§ **Activity**:
Output exactly the lines that come between the start of the material and the line containing "Pravutiner Reizl 1860", both ends included, with the pictures omitted.

§ **Information provided**:
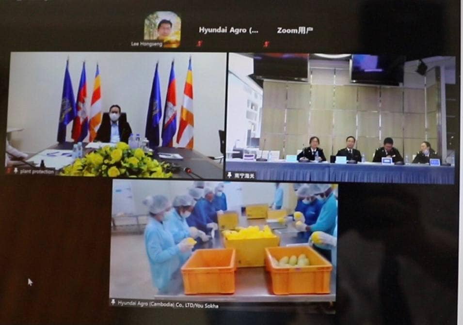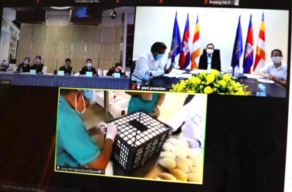 គួររម្លឹកផងដែរថា កាលពីថ្ងៃទី១០ ខែមីនា កន្លងទៅនេះ ក្រុមការងារអគ្គនាយកដ្ឋានកសិកម្ម បានដំណើរការត្រួតពិនិត្យចម្ការស្វាយ និងរោងចក្រប្រព្រឹត្តកម្មពងរុយក្នុងផ្លែស្វាយ តាមអនឡាញជាមួយភាគីគយនៃខេត្តក្វាងស៊ី តំណាង អគ្គរដ្ឋបាលគយនៃសាធារណរដ្ឋប្រជាមានិតចិន នៅលើទីតាំងដែលបានគ្រោងទុកដូចជា៖ ១-ចម្ការស្វាយ UCDL Development Co.,Ltd ២- ចម្ការស្វាយ Angkor Harvest Co.,Ltd ៣-ចម្ការស្វាយ Bamin Agriculture Hi-Tech Development Co.,Ltd ៤-រោងចក្រប្រព្រឹត្តកម្មពងរុយចោះផ្លែស្វាយ Long Wo Agriculture (Cambodia) Co.,Ltd ៥-រោងចក្រប្រព្រឹត្តកម្មពងរុយចោះផ្លែស្វាយ AL JAZEELAND FOOD PTE. LTD ៦-រោងចក្រប្រព្រឹត្តកម្មពងរុយចោះផ្លែស្វាយ BOEUNG KET FRESH FRUITS Co.,Ltd ៧-រោងចក្រប្រព្រឹត្តកម្មពងរុយចោះផ្លែស្វាយ HYUNDAI AGRO (CAMBODIA) CO.,Ltd។
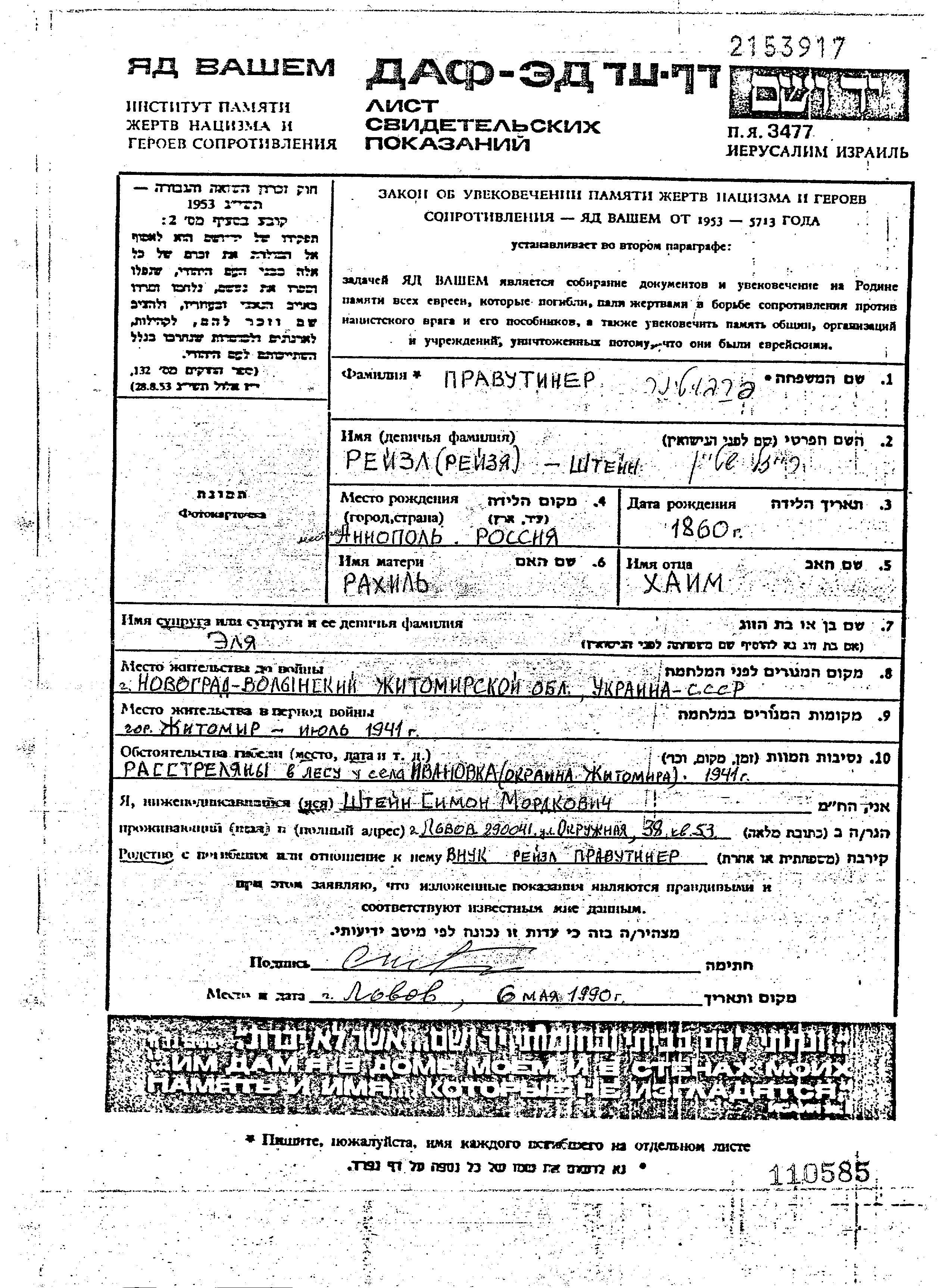 Pravutiner Reizl 1860 Novograd Volynsk, Ukraine (URSS) Feuille de témoignage
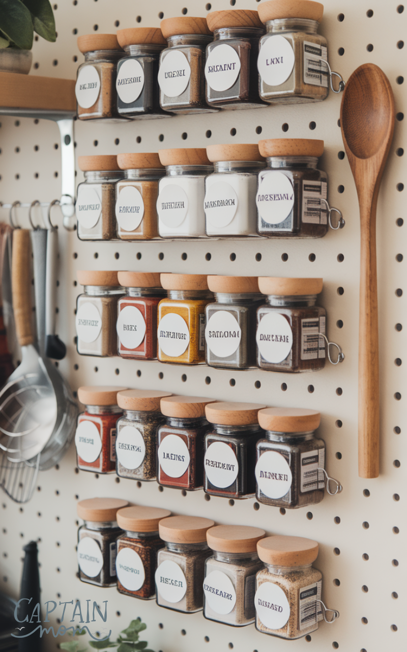 I recently discovered magnetic spice jars, and they’ve completely changed my approach to spice rack organization. I stick them on my fridge or a metal board on the wall, which saves cabinet space and keeps spices within arm’s reach while cooking. I like labeling each jar clearly, so I don’t waste time guessing what’s inside. This method also adds a fun decorative touch to the kitchen, letting me display colorful spices in an organized, compact way. It’s perfect for small kitchens or anyone who wants a modern, visually appealing spice setup.
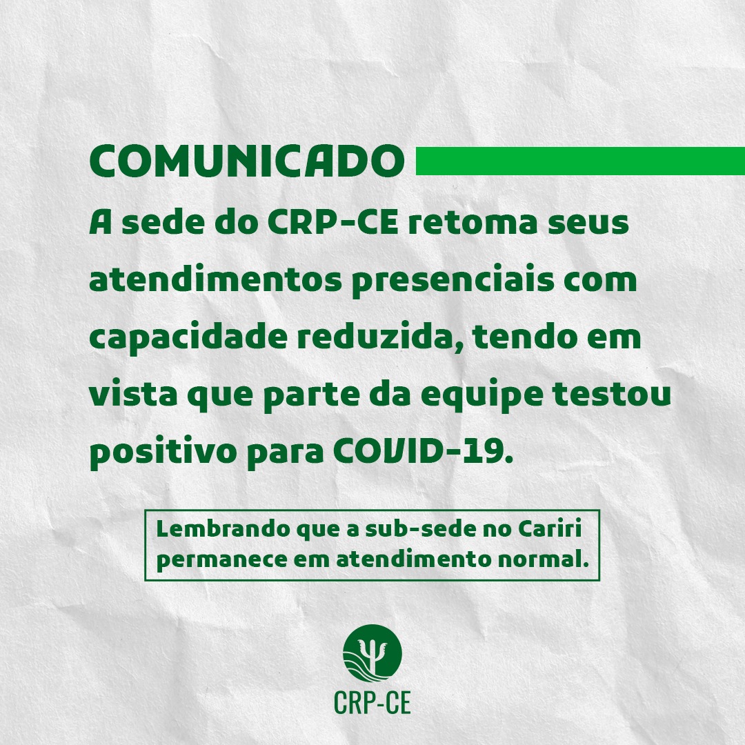 Prezadas psicólogas, o CRP-CE retoma os atendimentos presenciais de todos os seus serviços na sede em Fortaleza. No entanto, devido parte da equipe estar afastada por ter testado positivo para Covid-19, os atendimentos também serão reduzidos, sendo permitido a entrada de apenas 2 profissionais por vez.

§ **Exercise result**:
 គួររម្លឹកផងដែរថា កាលពីថ្ងៃទី១០ ខែមីនា កន្លងទៅនេះ ក្រុមការងារអគ្គនាយកដ្ឋានកសិកម្ម បានដំណើរការត្រួតពិនិត្យចម្ការស្វាយ និងរោងចក្រប្រព្រឹត្តកម្មពងរុយក្នុងផ្លែស្វាយ តាមអនឡាញជាមួយភាគីគយនៃខេត្តក្វាងស៊ី តំណាង អគ្គរដ្ឋបាលគយនៃសាធារណរដ្ឋប្រជាមានិតចិន នៅលើទីតាំងដែលបានគ្រោងទុកដូចជា៖ ១-ចម្ការស្វាយ UCDL Development Co.,Ltd ២- ចម្ការស្វាយ Angkor Harvest Co.,Ltd ៣-ចម្ការស្វាយ Bamin Agriculture Hi-Tech Development Co.,Ltd ៤-រោងចក្រប្រព្រឹត្តកម្មពងរុយចោះផ្លែស្វាយ Long Wo Agriculture (Cambodia) Co.,Ltd ៥-រោងចក្រប្រព្រឹត្តកម្មពងរុយចោះផ្លែស្វាយ AL JAZEELAND FOOD PTE. LTD ៦-រោងចក្រប្រព្រឹត្តកម្មពងរុយចោះផ្លែស្វាយ BOEUNG KET FRESH FRUITS Co.,Ltd ៧-រោងចក្រប្រព្រឹត្តកម្មពងរុយចោះផ្លែស្វាយ HYUNDAI AGRO (CAMBODIA) CO.,Ltd។
 Pravutiner Reizl 1860 Novograd Volynsk, Ukraine (URSS) Feuille de témoignage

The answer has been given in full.